[Material provided]
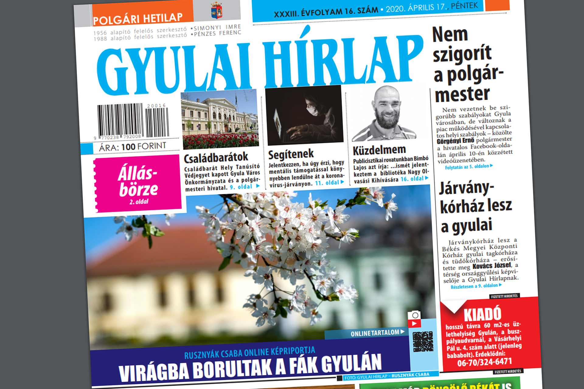 A friss Gyulai Hírlapban többek között arról írunk, hogy nem vezetnek be szigorúbb korlátozásokat Gyulán, de megváltoztak a piac működésével kapcsolatos helyi szabályok. Járványkórház lesz a Békés Megyei Központi Kórház gyulai tagkórháza és tüdőkórháza, a részletekről több anyagban is beszámolunk. Címlapfotónkat ezúttal a virágba borult fürdőváros egyik terén készítette fotósunk, Rusznyák Csaba. Lapunkban arról is hírt adunk, hogy a Családbarát Hely Tanúsító Védjegy bronz fokozatával ismerték el Gyula Város Önkormányzatát szolgáltatóhely kategóriában, a polgármesteri hivatal pedig szintén bronz fokozatos minősítést kapott munkahely kategóriában. Az újságból ezúttal sem maradnak ki az országos intézkedések, többek között arról írunk, hogy határozatlan időre meghosszabbítja a kormány a koronavírus-járvány miatt két hete elrendelt kijárási korlátozást. A járvány idején a fogyatékkal élők számára is segítséget nyújt a gyulai önkormányzat a bevásárlásban, a gyógyszerek kiváltásában és az ügyintézésben. Ha valakinek segítségre van szüksége, vagy tud olyanról, akinek segítségre volna szüksége, telefonon és e-mailben is jelezheti. Az újságban emellett cikket közlünk a városi sporttelep új kültéri fitneszparkjáról és játszóeszközeiről, a gyulai labdarúgócsapat és futsalegyüttesek tagjainak egyéni edzéseiről, A legszebb konyhakertek nevű országos verseny kiírásáról, a gyulai baptista gyülekezet körében szervezett véradásról, valamint arról, hogy szárítógépre gyűjtenek a helyi mentősöknek. Lapunkból természetesen ezúttal sem hiányozhatnak az állandó rovatok és a jegyzet.
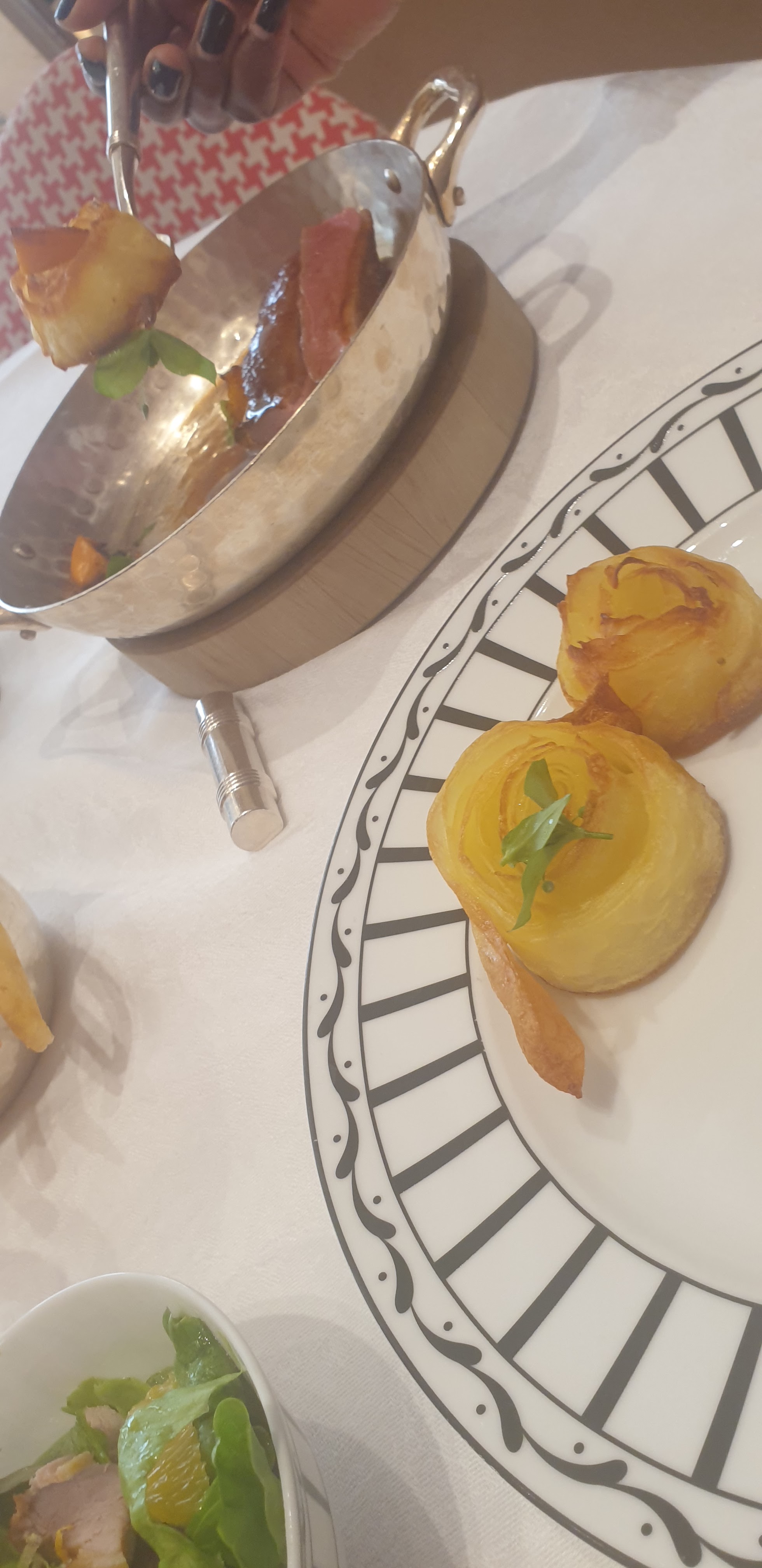 Repas délicieux et personnels aux petits soins !! L’art de la table magnifique 🤩 de la vaisselle à l’argenterie
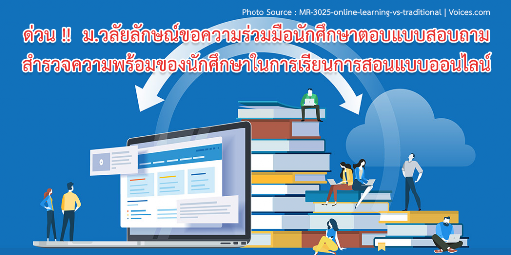 ศูนย์บริการการศึกษา มหาวิทยาลัยวลัยลักษณ์ ขอสำรวจความพร้อมของนักศึกษามหาวิทยาลัยวลัยลักษณ์ในการเรียนการสอนแบบออนไลน์ ขอให้นักศึกษาตอบแบบสำรวจภายในวันที่ 16 มีนาคม 2563 เพื่อใช้วางแผนในการให้บริการจัดการเรียนการสอนแบบออนไลน์หากมีความจำเป็นต่อไป
[/Material provided]
◆ Required work ◆
Please copy the data above exactly, omitting the pictures.

◆ Solved problem ◆
 A friss Gyulai Hírlapban többek között arról írunk, hogy nem vezetnek be szigorúbb korlátozásokat Gyulán, de megváltoztak a piac működésével kapcsolatos helyi szabályok. Járványkórház lesz a Békés Megyei Központi Kórház gyulai tagkórháza és tüdőkórháza, a részletekről több anyagban is beszámolunk. Címlapfotónkat ezúttal a virágba borult fürdőváros egyik terén készítette fotósunk, Rusznyák Csaba. Lapunkban arról is hírt adunk, hogy a Családbarát Hely Tanúsító Védjegy bronz fokozatával ismerték el Gyula Város Önkormányzatát szolgáltatóhely kategóriában, a polgármesteri hivatal pedig szintén bronz fokozatos minősítést kapott munkahely kategóriában. Az újságból ezúttal sem maradnak ki az országos intézkedések, többek között arról írunk, hogy határozatlan időre meghosszabbítja a kormány a koronavírus-járvány miatt két hete elrendelt kijárási korlátozást. A járvány idején a fogyatékkal élők számára is segítséget nyújt a gyulai önkormányzat a bevásárlásban, a gyógyszerek kiváltásában és az ügyintézésben. Ha valakinek segítségre van szüksége, vagy tud olyanról, akinek segítségre volna szüksége, telefonon és e-mailben is jelezheti. Az újságban emellett cikket közlünk a városi sporttelep új kültéri fitneszparkjáról és játszóeszközeiről, a gyulai labdarúgócsapat és futsalegyüttesek tagjainak egyéni edzéseiről, A legszebb konyhakertek nevű országos verseny kiírásáról, a gyulai baptista gyülekezet körében szervezett véradásról, valamint arról, hogy szárítógépre gyűjtenek a helyi mentősöknek. Lapunkból természetesen ezúttal sem hiányozhatnak az állandó rovatok és a jegyzet.
 Repas délicieux et personnels aux petits soins !! L’art de la table magnifique 🤩 de la vaisselle à l’argenterie
 ศูนย์บริการการศึกษา มหาวิทยาลัยวลัยลักษณ์ ขอสำรวจความพร้อมของนักศึกษามหาวิทยาลัยวลัยลักษณ์ในการเรียนการสอนแบบออนไลน์ ขอให้นักศึกษาตอบแบบสำรวจภายในวันที่ 16 มีนาคม 2563 เพื่อใช้วางแผนในการให้บริการจัดการเรียนการสอนแบบออนไลน์หากมีความจำเป็นต่อไป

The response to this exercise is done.